_Your instructions:_ With pictures left out, copy exactly every line from the one containing "エサ付けの手間やら何かと面倒" through the end of the material.

_Data below:_
──────────────────────────────
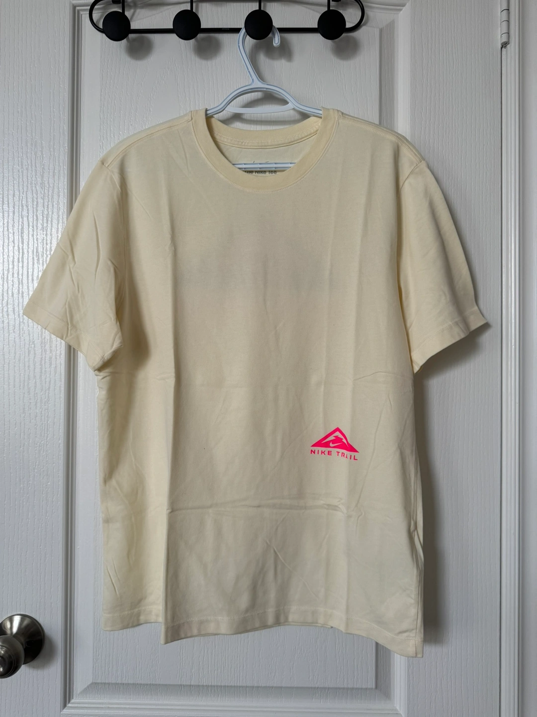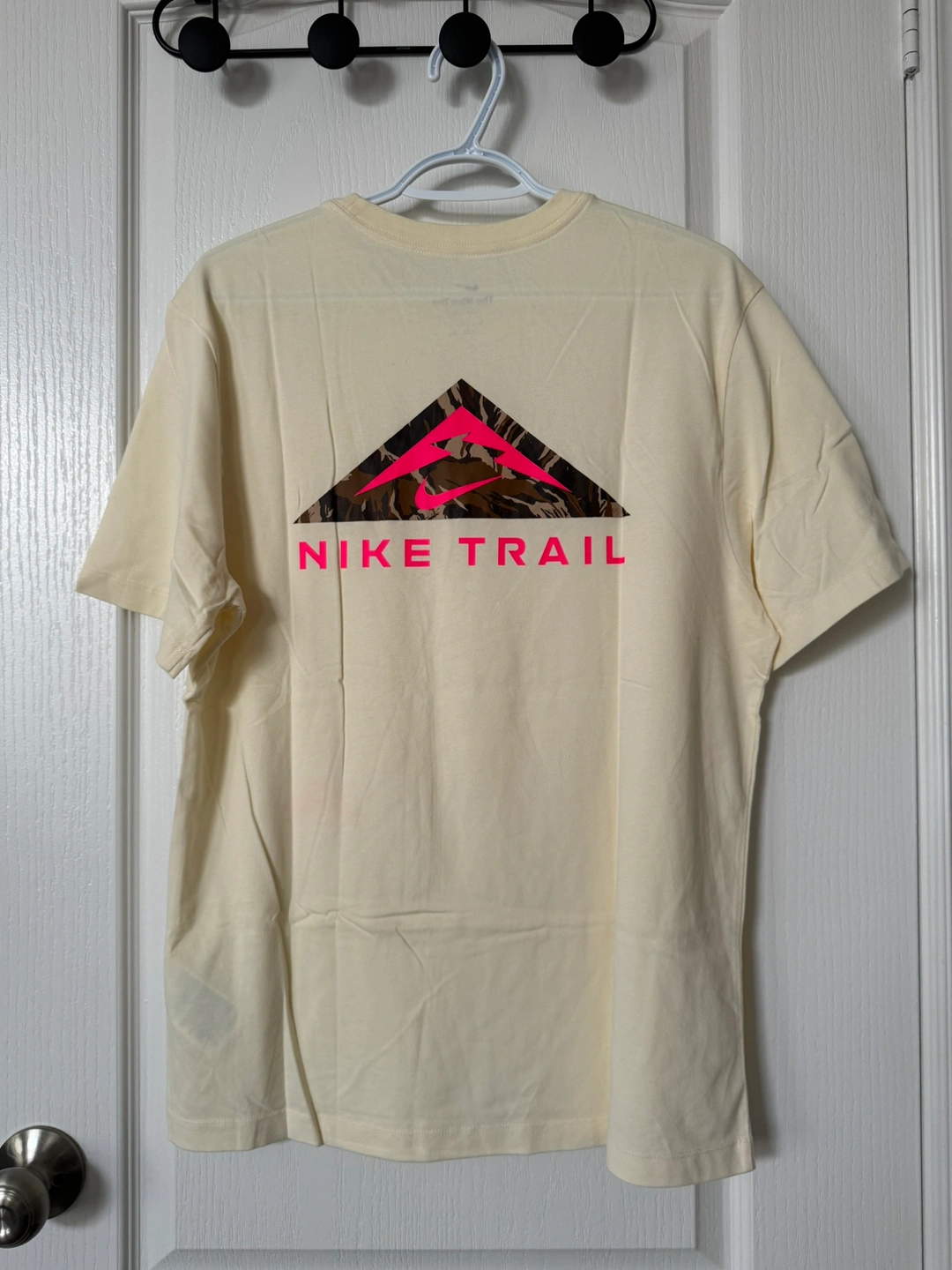 140Pick up at 16th Ave & Kennedy, Markham Men's Nike Trail T-shirt in a cream colour. It features a pink Nike Trail logo. The shirt has short sleeves. Size XL ***Accept cash only
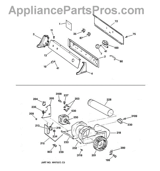 The Blower Wheel is an OEM replacement part for GE dryers. It has a role in the air circulation within the dryer, aiding in the even and efficient drying of clothes. The blower wheel, connected to the motor, helps in expelling the moist air out of the dryer through the exhaust vent during the drying cycle. Causes of a malfunctioning blower wheel are typically wear and tear from regular use, the accumulation of lint or debris, or damage to the wheel’s fins or central hub, which can impact its rotation and air circulation capability. Symptoms of a bad Blower Wheel include:
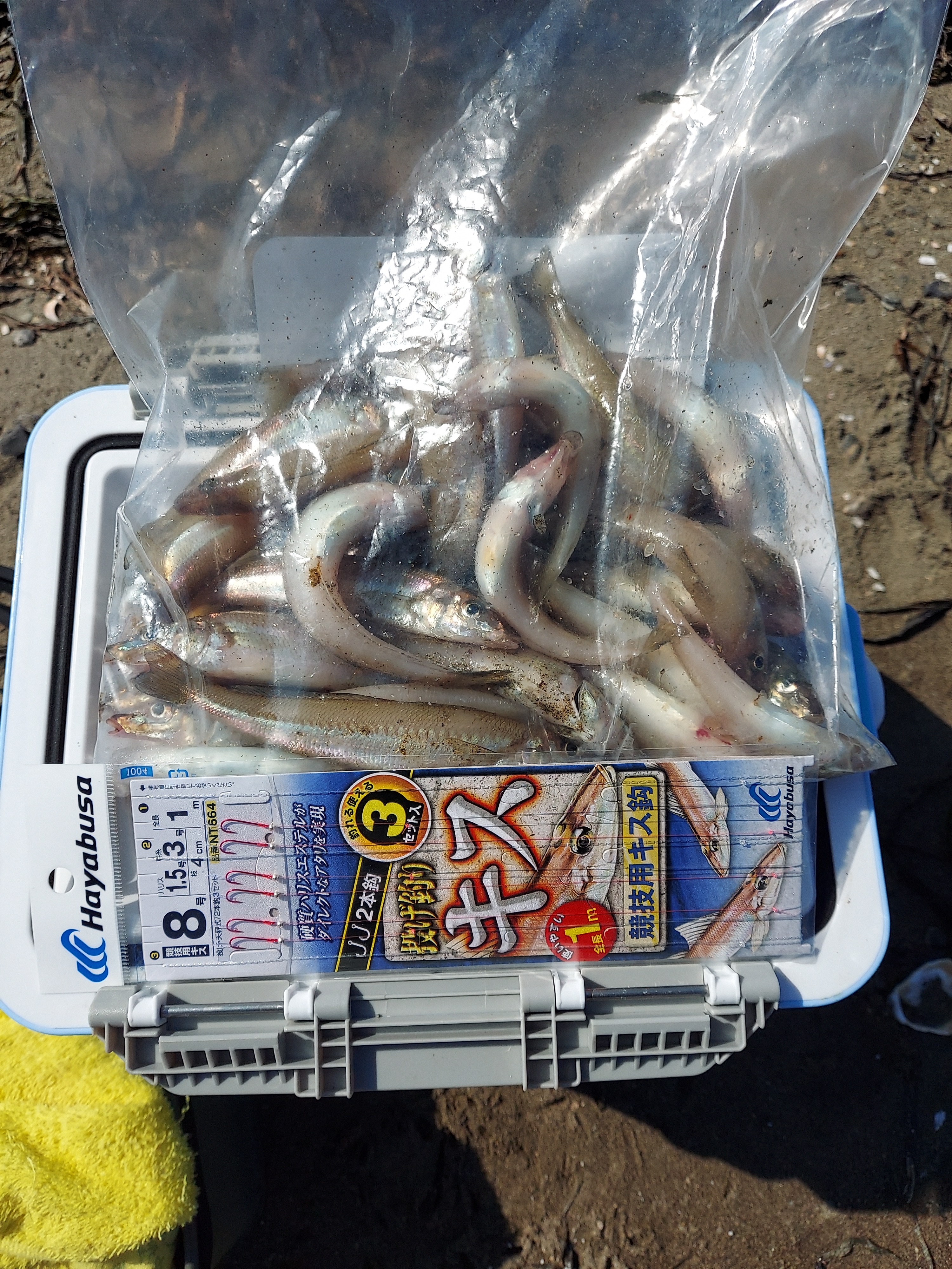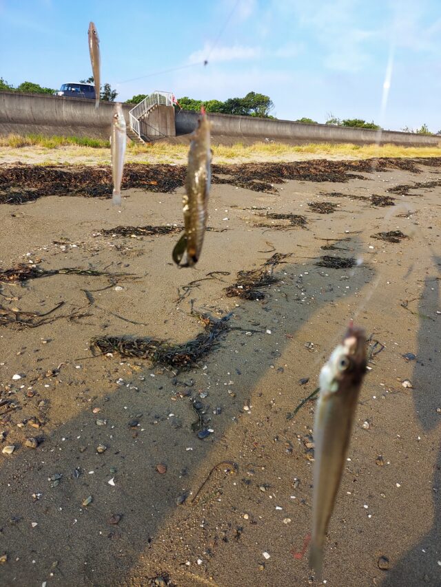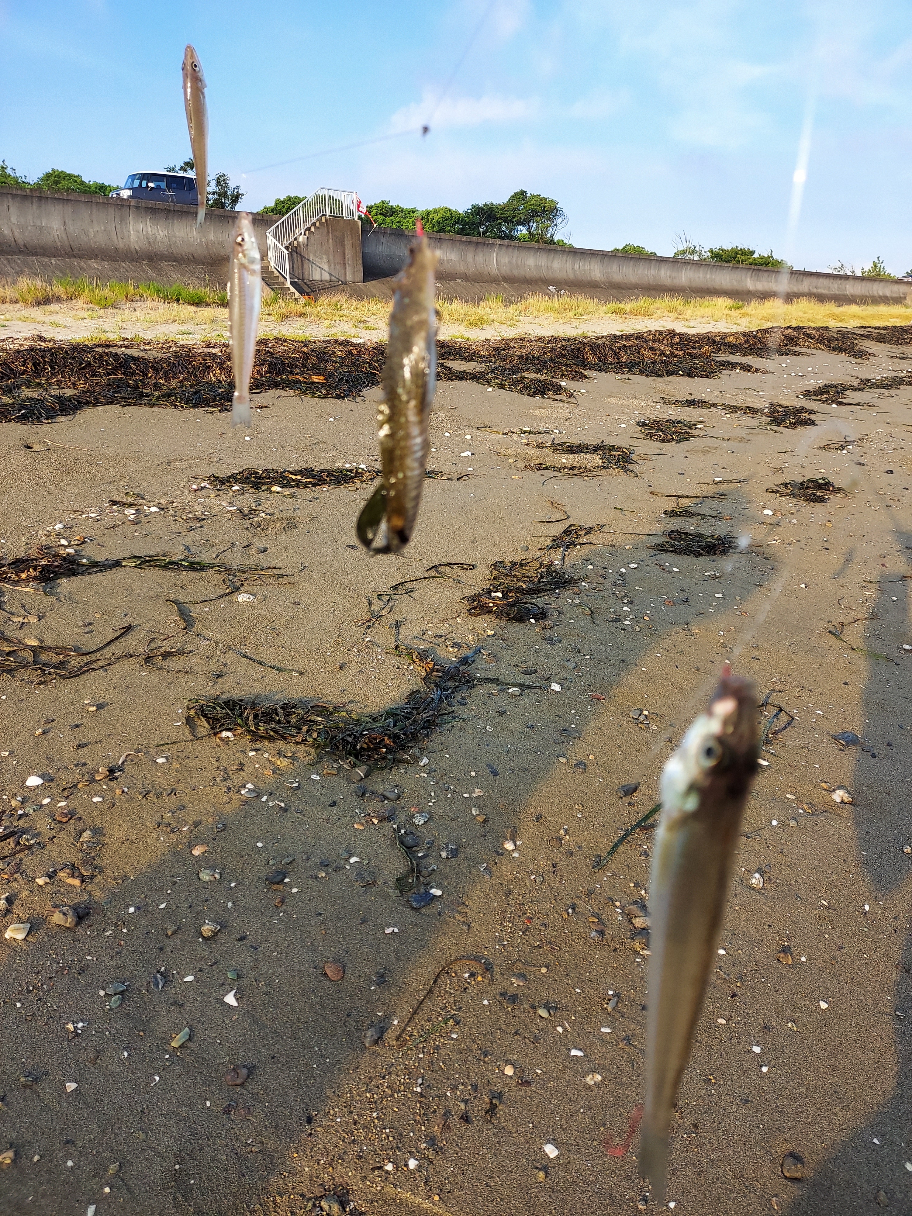 エサ付けの手間やら何かと面倒ですが、キスが何匹も連なって上がってくるのは気持ちいい😄
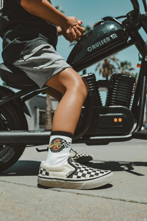 Sizes Extra Small, Small + Medium have logo grips on the bottom of the feet and size Large has a stitched logo on the bottom of the feet.
──────────────────────────────
_Task solution:_
 エサ付けの手間やら何かと面倒ですが、キスが何匹も連なって上がってくるのは気持ちいい😄
 Sizes Extra Small, Small + Medium have logo grips on the bottom of the feet and size Large has a stitched logo on the bottom of the feet.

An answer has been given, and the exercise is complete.